DIVINITY Log: Max Speer
LOG Entry 6
07/23/2017
Another day of training in the books. What a nightmare. There is no way I can go back to civilian life, I'm built for this program, but I cannot stand that Agent Brixley. Her entire personality is a front for someone she wishes she was.
She thinks no one knows, but I do. She is so full of crap, so full of fear, it's laughable. As a coping mechanism, she has assumed the role of “Agent Kynsey Brixley”, the big bad Project Divinity Agent as if it were anything more than a pen name, an alter. My coping skills need work? I deal with things myself, using alcohol and poor decision making like everybody else. Perfect? No, but at least I'm honest with myself. Rather die alone than wearing someone else's mask. Starting to have trouble remembering what it was I ever saw in her.

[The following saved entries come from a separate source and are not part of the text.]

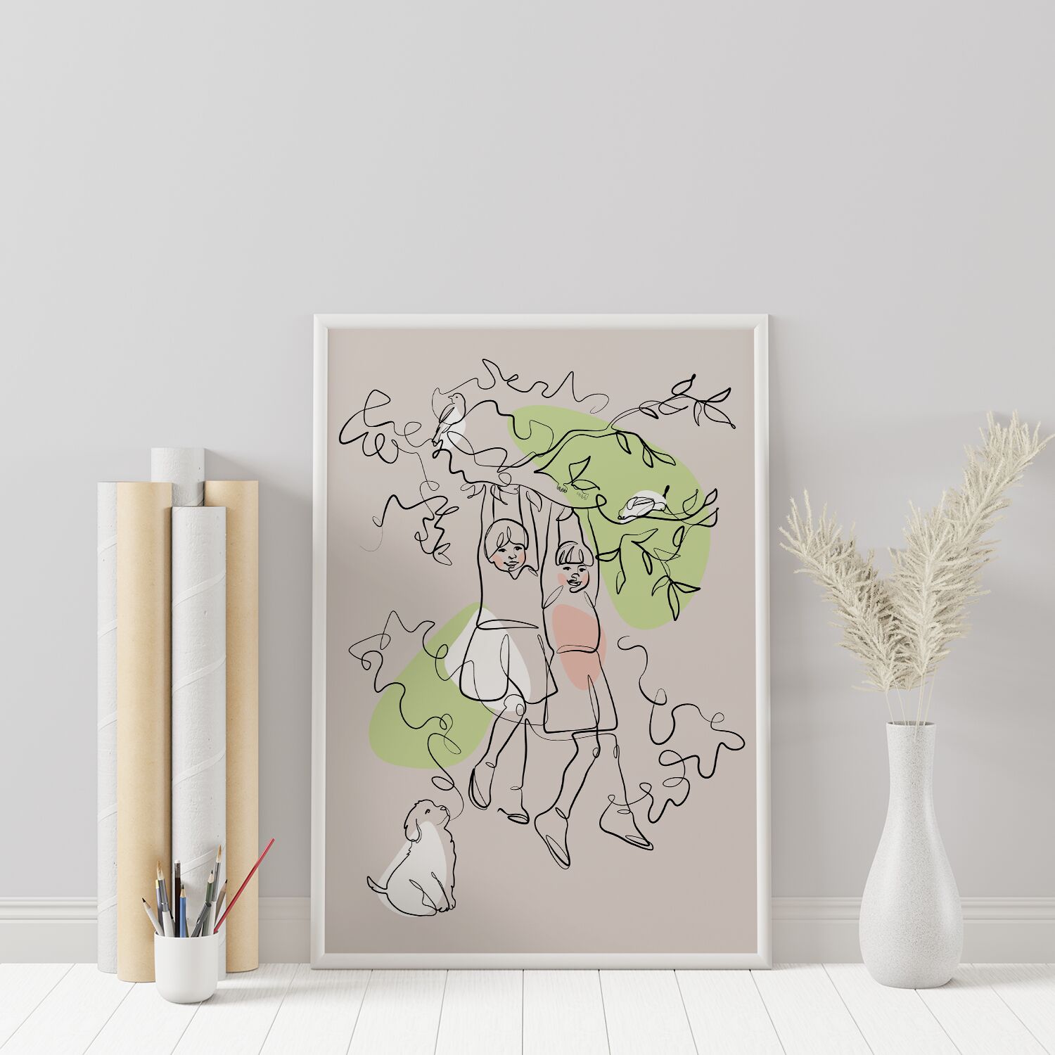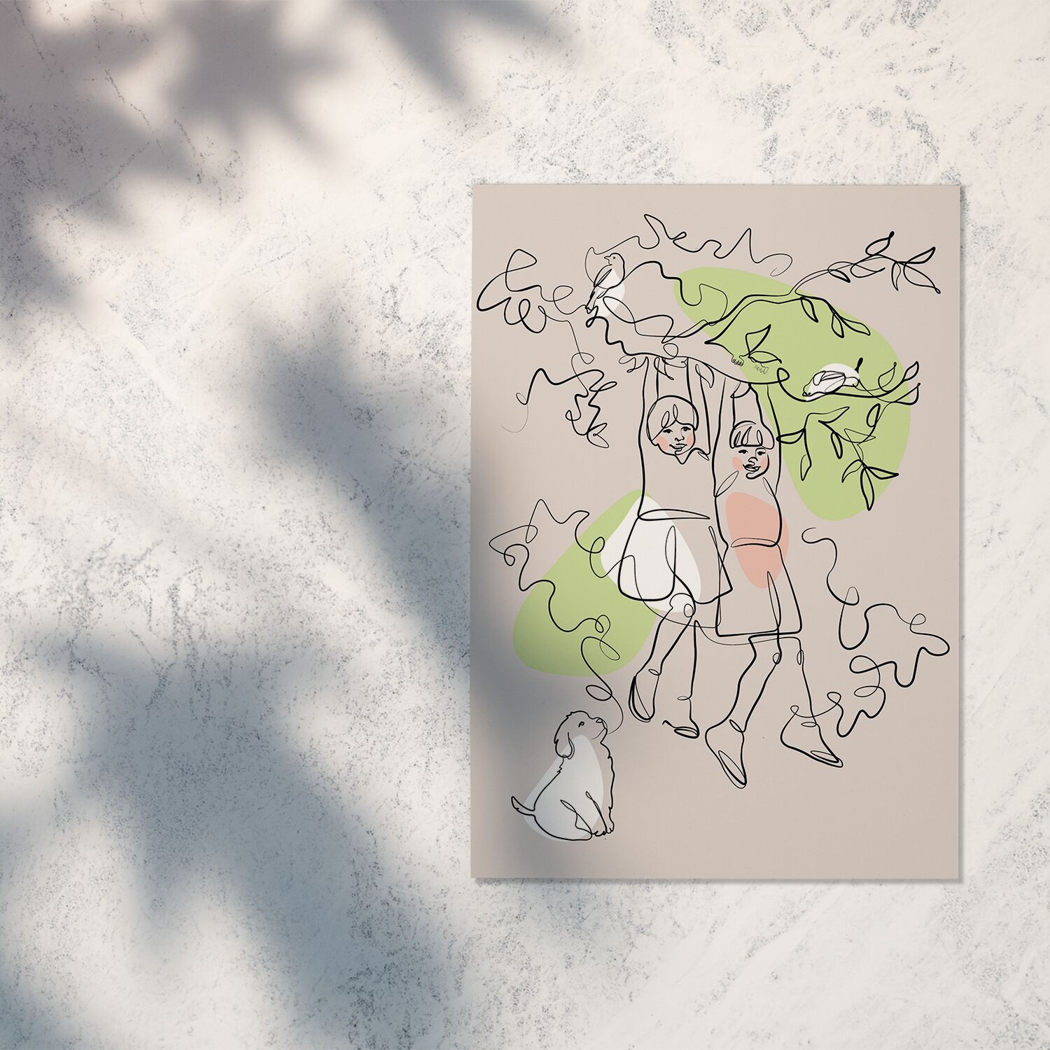 This nursery Wall Decor line art art print of Two Sisters Hanging From a Tree is the perfect addition to your nursery room decor. This eye-catching piece will add a feeling of serenity and balance to your space.
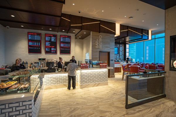 At ground level, a fully equipped fitness center keeps guests on track with their exercise routines while relaxation takes center stage at the state-of-the-art indoor-outdoor pool experience. The pool area features a craft bar, an exclusive dining menu, private and fully serviced cabanas, and comfortable daybeds, among other perks. The Lobby Cafe offers coffee, blended drinks, snack, breakfast and lunch with drinks from locally made Red Leaf Organic Coffee, while the Lobby Bar & Bistro offers expertly crafted cocktails in a relaxed environment. The propertyโs in-house bakery furnishes scratch-made pastries for its dining areas and room service. Additionally, the hotelโs staffed concierge is available 24/7 to guide visitors to the can’t-miss property and area attractions.
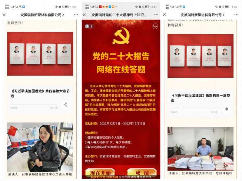 堅(jiān)持原原本本學(xué),促學(xué)深悟透“黨味”純。在二十大召開期間,安徽瑞特黨支部第一時(shí)間組織同大站及新途站人員觀看二十大開幕直播,認(rèn)真聆聽習(xí)近平總書記報(bào)告。通過“三會(huì)一課”第一時(shí)間研讀黨的二十大報(bào)告,既注重從總體上全面把握,又分專題分領(lǐng)域深刻領(lǐng)會(huì)。征訂《黨的二十大報(bào)告學(xué)習(xí)輔導(dǎo)百問》《二十大黨章修正案學(xué)習(xí)問答》等黨的二十大精神輔導(dǎo)用書共計(jì)100套,讓學(xué)習(xí)黨的二十大精神成為黨員干部政治思想的“充電站”、理論知識(shí)的“補(bǔ)給站”。
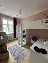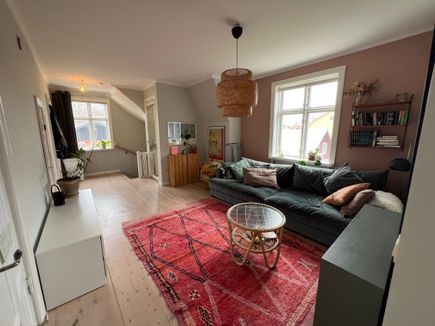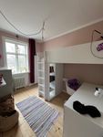 Övervåning: Allrum. Tre sovrum: nummer 1 med dubbelsäng (210 cm). Nummer 2 med 120 säng. Nummer 3 med loftsäng (extra säng/madrass kan placeras på golv). Badrum med dusch och badkar.
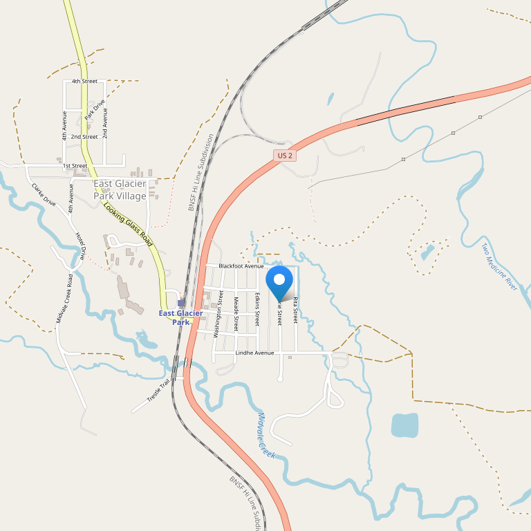 Отель Glacier Park Lodge расположен в маленьком городке Ист Глейшер Парк, на пересечении шоссе 2 и шоссе 49.
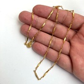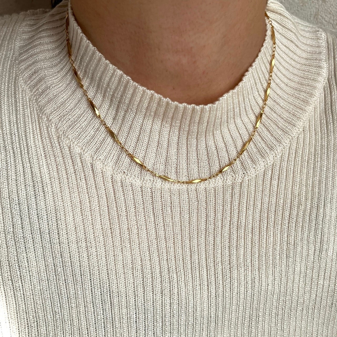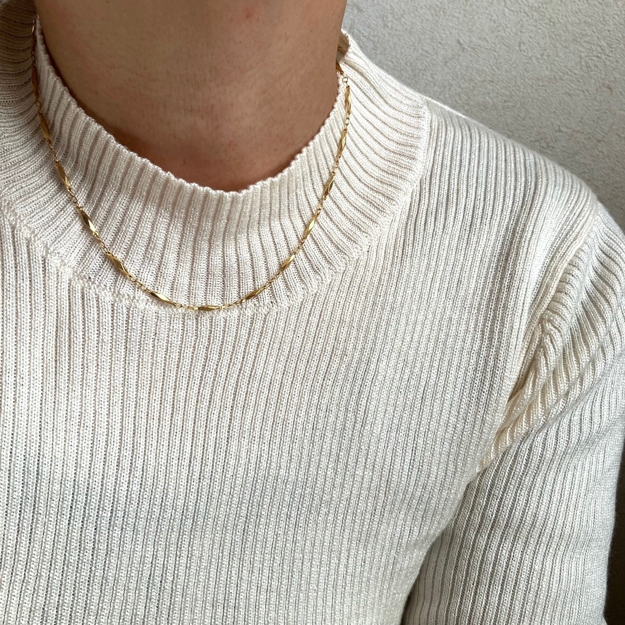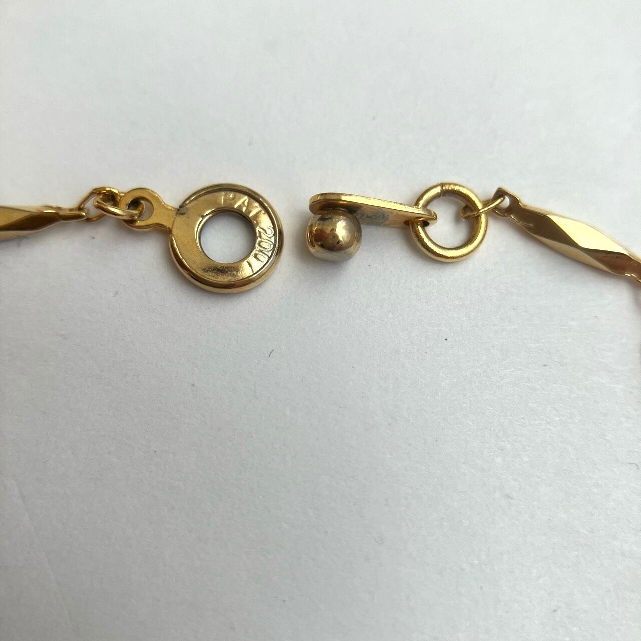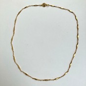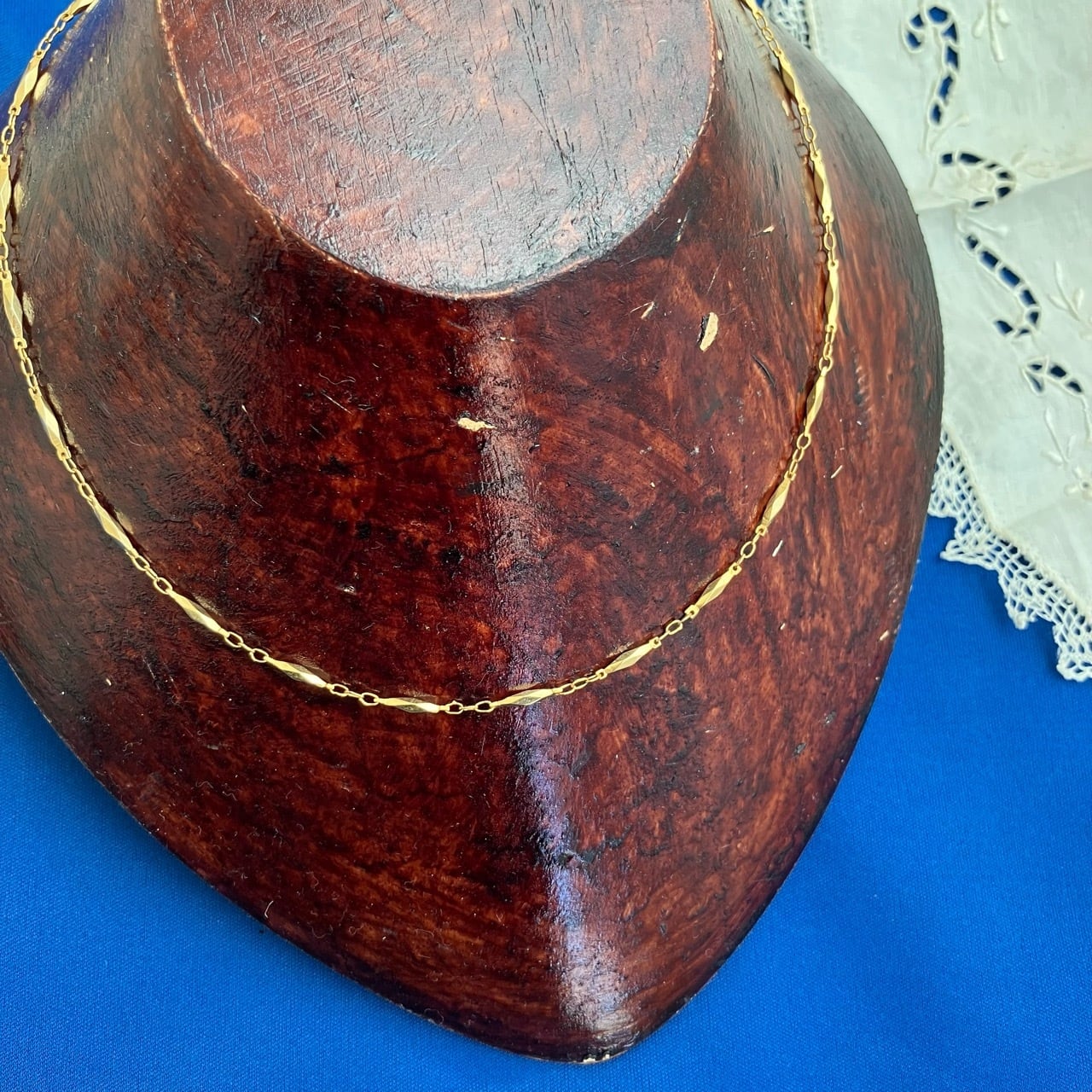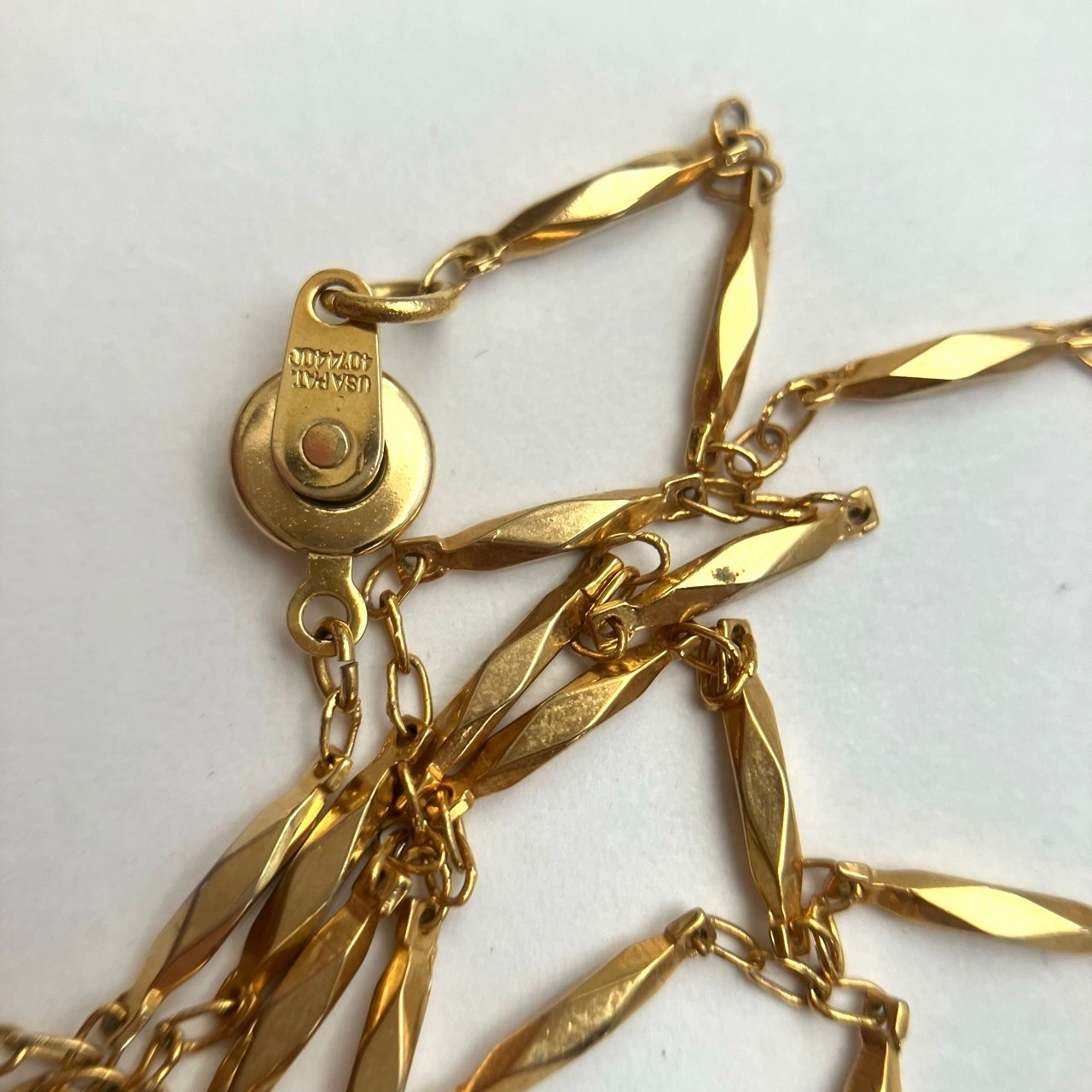 落ち着いたゴールドのシャープなメタルカットパーツがアクセントになった華奢なチェーンのデザインが、とても素敵なヴィンテージネックレスです。

Anyway, I'm starting to get the hang of things around here. Complete thy training, and then do as thou wilt. Found out a lot of specifics regarding Project Divinity today, and now I know what my goals are.
Risk levels 1-9 are missions for poons. Those who shake in their boots, those who aren't qualified for level 10. Risk level 10 missions are missions for Ten Men, like me. Elite agents. The backbone of this project's’ existence. I will not consider anything less. I've always said that if you wanna know the truth, really know, then you follow the money down the rabbit hole until you are dead or until you find it.
Here is the mission pay scale, also known as the truth. Risk levels 1-5, preschool missions, pay ten thousand dollars. You even get a kissey on your boo boo should you skin a knee. Completed sixes pay 20, sevens pay 40, eights 50. For a risk level 9, you walk away with a cool hundred Gs. Tens, available only to those qualified, pay one million dollars upon completion. Draw your own conclusions about which agents are valuable, and which agents push pencils for the Ten Men.
Lump 1-9 together, roll them into a ball, and aim for the waste basket. No one cares if you make it or miss.
Now for the history of tens, which will determine the future of humanity. As of right now, Project Divinity is four for six on ten missions. Randall Koch was the lead agent in the last successful mission, and an agent named Simraki Brixley (No relation, the program uses last names on a rotational basis) completed the other three. He died on attempt number four. There have been a total of five casualties on risk ten missions.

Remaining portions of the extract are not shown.